This ineffective assistance of counsel claim also fails on the merits. Contrary to Garcia's bare allegation that Duran coerced him into waiving his right to a jury trial, the record demonstrates that he voluntarily waived his right to a jury trial. Clerk's R. 17 (ECF No. 14-5). Moreover, a defense attorney's decision to recommend a bench trial to his client “is the type of 10 act for which Strickland requires that judicial scrutiny be highly deferential. Overturning defendant's conviction on the basis of such an act does not reflect a sufficient degree of deference to counsel's judgments.” Green v. Lynaugh, 868 F.2d 176, 178 (5th Cir. 1989); see Strickland, 466 U.S. at 689 (“Judicial scrutiny of counsel's performance must be highly deferential.”); see also Moawad v. Anderson, 143 F.3d 942, 946 (5th Cir. 1998) (observing the Fifth Circuit Court of Appeals “gives great deference to counsel's assistance, strongly presuming that counsel has exercised reasonable professional judgment”) (citation omitted).

Garcia has failed to overcome the strong presumption in favor of finding that Duran provided adequate assistance, and the challenged conduct was the result of reasoned trial strategy. See Strickland, 466 U.S. at 689 (“[A] court must indulge a strong presumption that counsel's conduct falls within the wide range of reasonable professional assistance; that is, the defendant must overcome the presumption that, under the circumstances, the challenged action ‘might be considered sound trial strategy.'”) (citation omitted). Therefore, Garcia has not demonstrated that Duran provided deficient performance under Strickland. Moreover, even if Garcia had shown deficient performance, he has failed to demonstrate the requisite prejudice. See Bower v. Quarterman, 497 F.3d 459, 466 (5th Cir. 2007) (a petitioner attempting to prevail on an ineffective assistance of counsel claim under Strickland must demonstrate both prongs: deficient performance and 11 prejudice). Specifically, Garcia has not shown that without Duran's deficient performance, the outcome of his trial would have been different. See Rhoades v. Davis, 852 F.3d 422, 432 (5th Cir. 2017) (“To demonstrate prejudice under Strickland, [the petitioner] must show that counsel's deficient performance was ‘so serious as to deprive [him] of a fair trial, a trial whose result is reliable.'”) (quoting Strickland, 466 U.S. 687). This claim fails under both prongs of the Strickland standard. Garcia has also failed to overcome the “doubly” deferential standard applicable to this ineffective assistance of counsel claim. See Woods, 136 S.Ct. at 1151; see also Cullen, 563 U.S. at 190. Accordingly, this claim should be denied.
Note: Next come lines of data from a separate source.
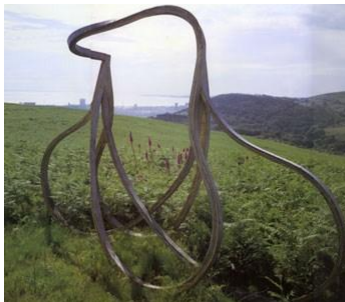
“figura 3. 1983. Madera laminada. 274 x 366 x 153 cm”.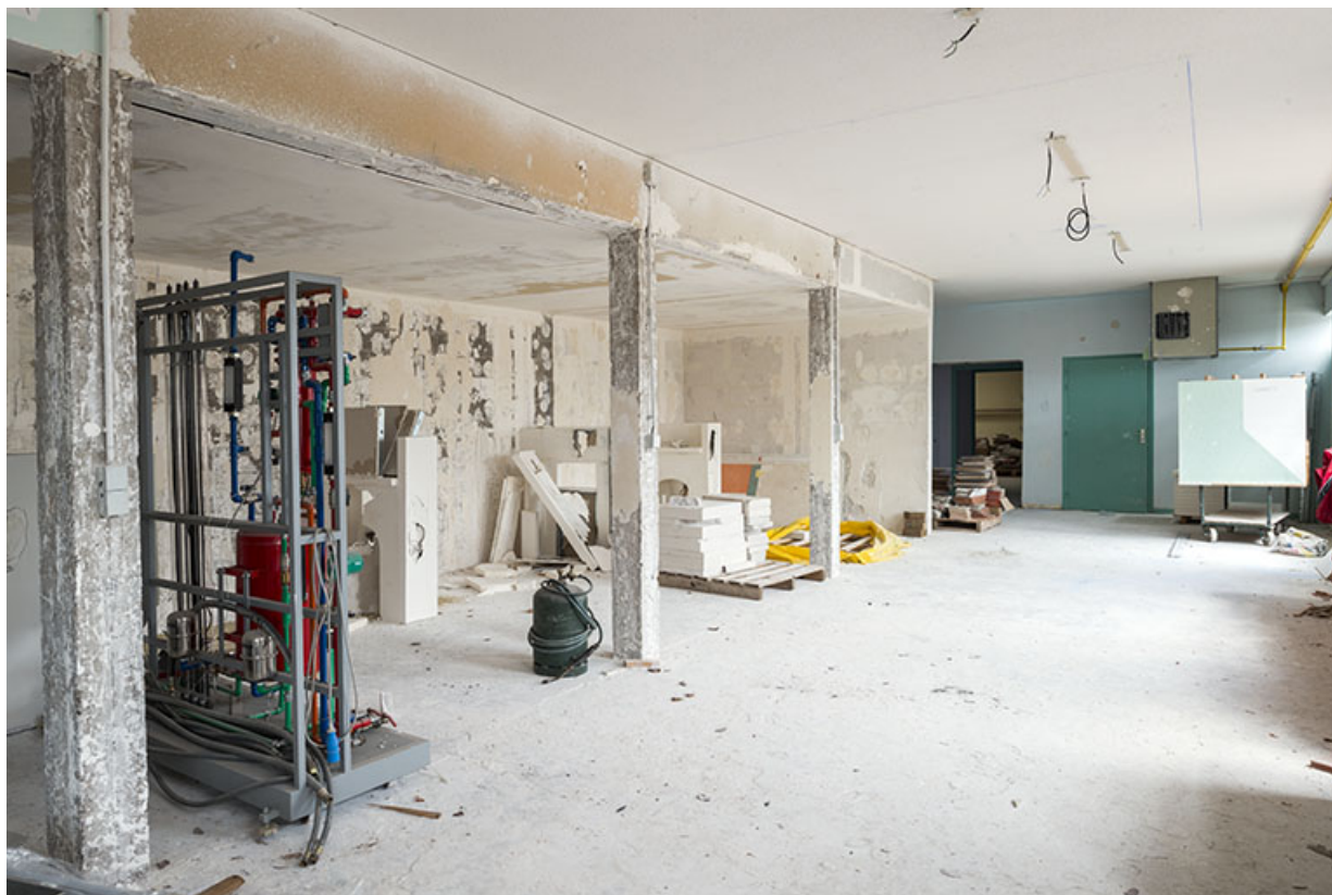
Atelier, bâtiment préfabriqué : plâtrerie.. 70, Luxeuil-les-Bains, 32 rue Pierre Rimey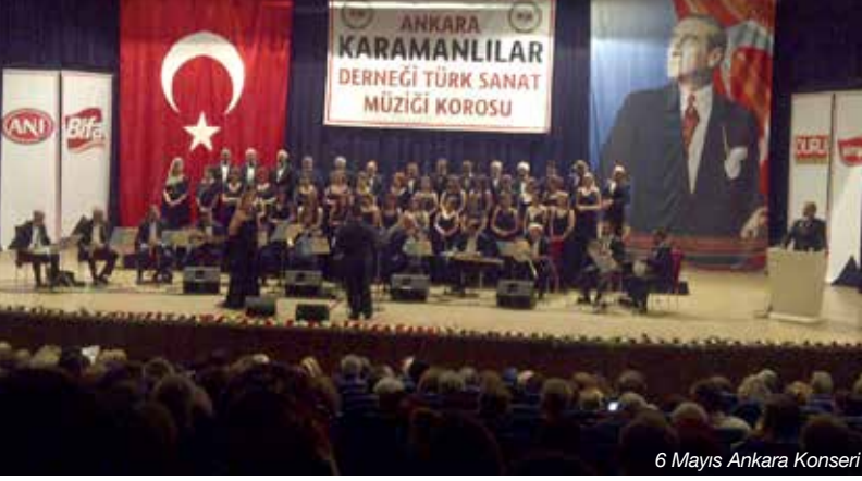
6 Mayıs Ankara Konseri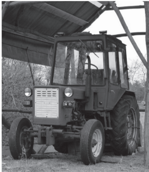
A T-25-ös minden feladatára várva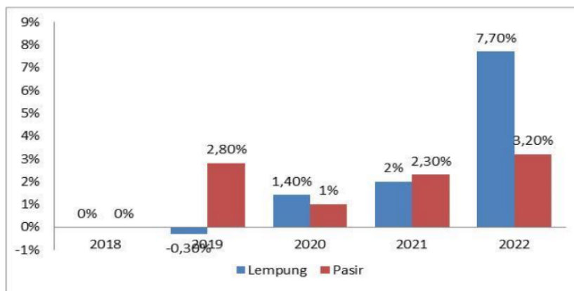
Gambar 3. Kenaikan dan penurunan Tandan/ha tahun 2018 – 2022

Tabel 3 menunjukkan rerata jumlah tandan/ha tahun 2018 – 2022 pada tanah lempung dan pasir menunjukkan tidak berbeda nyata, dengan kenaikan jumlah tandan/ha pada setiap tahunnya berkisar antara 1,4 – 7,7 %, kecuali tahun 2019 menunjukkan penurunan sebesar 0,3 % pada tanah lempung, sedangkan pada tanah pasir menunjukkan kenaikan jumlah tandan/ha pada setiap tahunnya antara 1 – 3,2 %.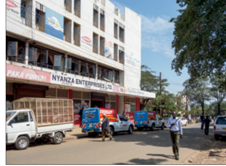
Duke of Breeze, Kisumu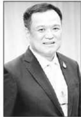
อนุทิน ชาญวีรกุล

■ ■ ■ ไม่ใช่แค่ คุณอนุทิน ชาญวีรกุล นายกรัฐมนตรี...ที่โชว์ภาพการประหยัดพลังงาน...ด้วยการเจียดเศษเงิน (ล้านกว่าบาท) ถอยรถไฟฟ้าป้ายแดงมาทำงาน...ใช้รถเข่าย่องสู่มตรวจปั๊มน้ำมัน (ใครเชื่อบ้างว่าสู่มตรวจ)...วันก่อน ดร.เอกนิติ นิติทัณฑ์ประภาศ รองนายกรัฐมนตรีและรัฐมนตรีว่าการกระทรวงการคลัง...เสร็จการแสดงปาฐกถาในงานเสวนาเวทีหนึ่งย่านกลางเมือง...และมีภารกิจในการเป็นประธานที่ประชุมร่วมกับหัวหน้าหน่วยราชการของกระทรวงการคลัง...ก็เสวนาทีมงานโคดขึ้นรถไฟฟ้า BTS แล้วมาลงที่สถานีอารีย์เพื่อรีบกลับบ้านมาประชุมที่กระทรวงฯ... นี่ย่าจะบอกกับสังคมว่าทำไปเพื่อเป็นการเชิญชวนให้ประชาชนหันมาใช้ระบบขนส่งสาธารณะกันเยอะๆ เพื่อร่วมกันประหยัดการใช้น้ำมันจากการขับรถยนต์ส่วนตัว (แต่ที่ต้องลงสถานีนั้นเพราะใกล้กับกระทรวงฯที่สุด และรถไฟฟ้า BTS ยังไปไม่ถึงกระทรวงฯ)...ว่าแต่พวกเขาจะได้เห็นแบบนี้บ่อยๆ ไหม...รัฐมนตรีทุกท่านในรัฐบาลจะหันมาใช้บริการรถสาธารณะมากขึ้นแค่ไหน...และ...แวดวงการเงิน...มั่นใจว่าประชาชนคนไทยทั่วประเทศ...กำลังคาดหวังในตัว ดร.เอกนิติ...มากที่สุดในฐานะ ประธานคณะกรรมการศึกษาความเหมาะสมในการกำหนดต้นทุนราคาน้ำมันเชื้อเพลิง (ลดตร.) คือ...แนวทางที่เหมาะสมในการกำหนดค่าการกลั่น

3. Failure to Request Evidence (claim 3a)

Garcia argues that Duran provided ineffective assistance of counsel when he failed to request service of process for known exculpatory evidence pursuant to Texas' Michael Morton Act. Pet. 7 (ECF No. 3).

The Michael Morton Act requires that “as soon as practicable after receiving a timely request from the defendant the state shall produce” certain categories of items in discovery. See Tex. Code Crim. Proc. Ann. art. 39.14(a). “The statute [ ] requires only a request, rather than a court order, to trigger the State's duty to produce discovery.” State v. Heath, 642 S.W.3d 591, 596 (Tex. App.-Waco Feb. 16, 2022). The Michael Morton Act imposes a “much broader” duty to disclose on the State than the one under Brady v. Maryland, 373 U.S. 83 (1963). Spoko v. State, 637 S.W.3d 252, 256 12 (Tex. App. -Fort Worth 2021, no pet.); see also Watkins v. State, 619 S.W.3d 265, 288 (Tex. Crim. App. 2021).
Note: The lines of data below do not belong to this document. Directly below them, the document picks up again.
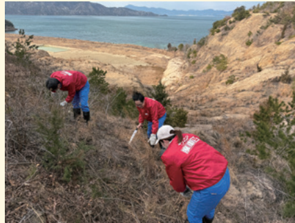
展望台の雑草を除去

*3 瀬戸内オリーブ基金：自動車リサイクル法制定の契機ともなった不法投棄事件が起こった香川県豊島の環境保全・再生活動に取り組むNPO法人 ( http://www.olive-foundation.org/ )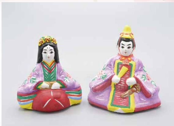
下川原土人形 青森県 頼山陽記念文化財団蔵(川手コレクション)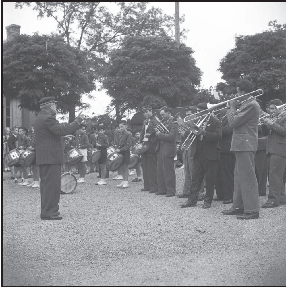
La clique et l'Union musicale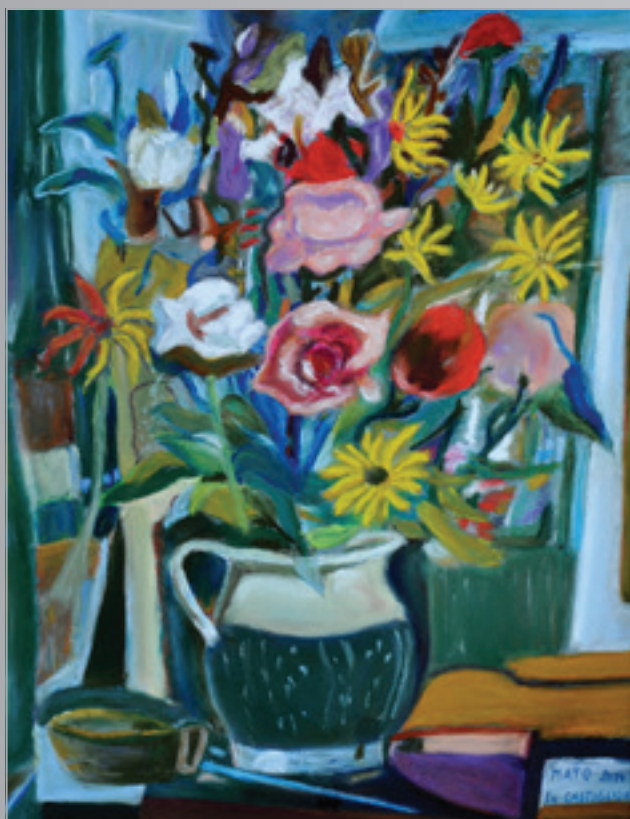
CO E. Castiglione, Zátišie I., pastel, 30 x 40 cm, 2014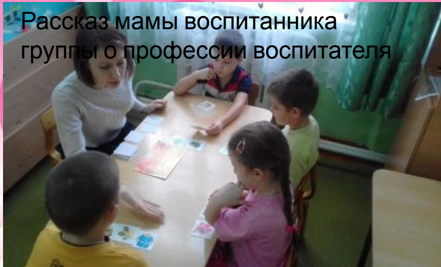
Рассказ мамы воспитанника группы о профессии воспитателя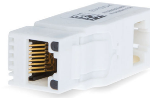
Hoogwaardige Netwerk isolator EN-70VD-K, 90°

This ineffective assistance of counsel claim must fail because it is so conclusory that it is legally insufficient. Garcia summarily argues that his rights under the Michael Morton Act were violated, but he fails to explain exactly how his rights were violated. Pet. 7 (ECF No. 3). For example, he does not specify what allegedly exculpatory evidence Duran failed to request. Id. For this reason alone, his claim fails. See Day v. Quarterman, 566 F.3d 527, 540-41 (5th Cir. 2009) (finding that conclusory allegations are insufficient to demonstrate either deficient performance or actual prejudice under Strickland).
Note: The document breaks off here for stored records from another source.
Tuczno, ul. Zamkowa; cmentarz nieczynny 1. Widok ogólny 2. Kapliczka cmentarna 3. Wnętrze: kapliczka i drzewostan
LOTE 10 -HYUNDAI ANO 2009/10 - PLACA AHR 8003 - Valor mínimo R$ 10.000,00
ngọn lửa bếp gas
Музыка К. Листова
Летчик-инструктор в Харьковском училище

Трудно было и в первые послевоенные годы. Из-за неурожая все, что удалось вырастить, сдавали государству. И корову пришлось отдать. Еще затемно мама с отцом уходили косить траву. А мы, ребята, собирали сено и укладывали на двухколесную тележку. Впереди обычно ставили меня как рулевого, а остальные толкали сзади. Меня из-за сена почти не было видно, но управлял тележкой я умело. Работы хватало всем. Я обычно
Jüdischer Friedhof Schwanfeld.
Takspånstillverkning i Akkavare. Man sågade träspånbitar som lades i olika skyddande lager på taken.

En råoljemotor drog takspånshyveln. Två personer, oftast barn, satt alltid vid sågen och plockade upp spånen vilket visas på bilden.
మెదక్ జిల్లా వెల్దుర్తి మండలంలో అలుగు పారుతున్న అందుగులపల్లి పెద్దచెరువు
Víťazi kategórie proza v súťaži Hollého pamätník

Moreover, Garcia committed the offense of conviction between January 1, 2009 and January 1, 2013. Clerk's R. 11 (ECF No. 14-5) (arrest warrant). Thus, the conduct at issue in Garcia's case occurred prior to the Act's effective date. Therefore, the Michael Morton Act does not apply to his case. See Bailey v. Davis, 2018 WL 1954841, at *10 n.4 (W.D. Tex. Apr. 24, 2018) (citing In re State ex rel. Munk, 448 S.W.3d 687, 691 (Tex. App.- Eastland 2014, no pet.) (finding the petitioner's claim the prosecutor failed to disclose evidence in violation of the Michael Morton Act lacked merit because his crime was committed in 2010, and the Michael Morton Act could not apply because “the changes made by the Michael Morton Act only apply to offenses committed after January 1, 2014”). 13

In sum, this claim fails under both prongs of the Strickland standard. Likewise, Garcia has failed to overcome the “doubly” deferential assumption in favor of the state court denial of his claim. See Woods, 136 S.Ct. at 1151; see also Cullen, 563 U.S. at 190. Therefore, this claim should be denied.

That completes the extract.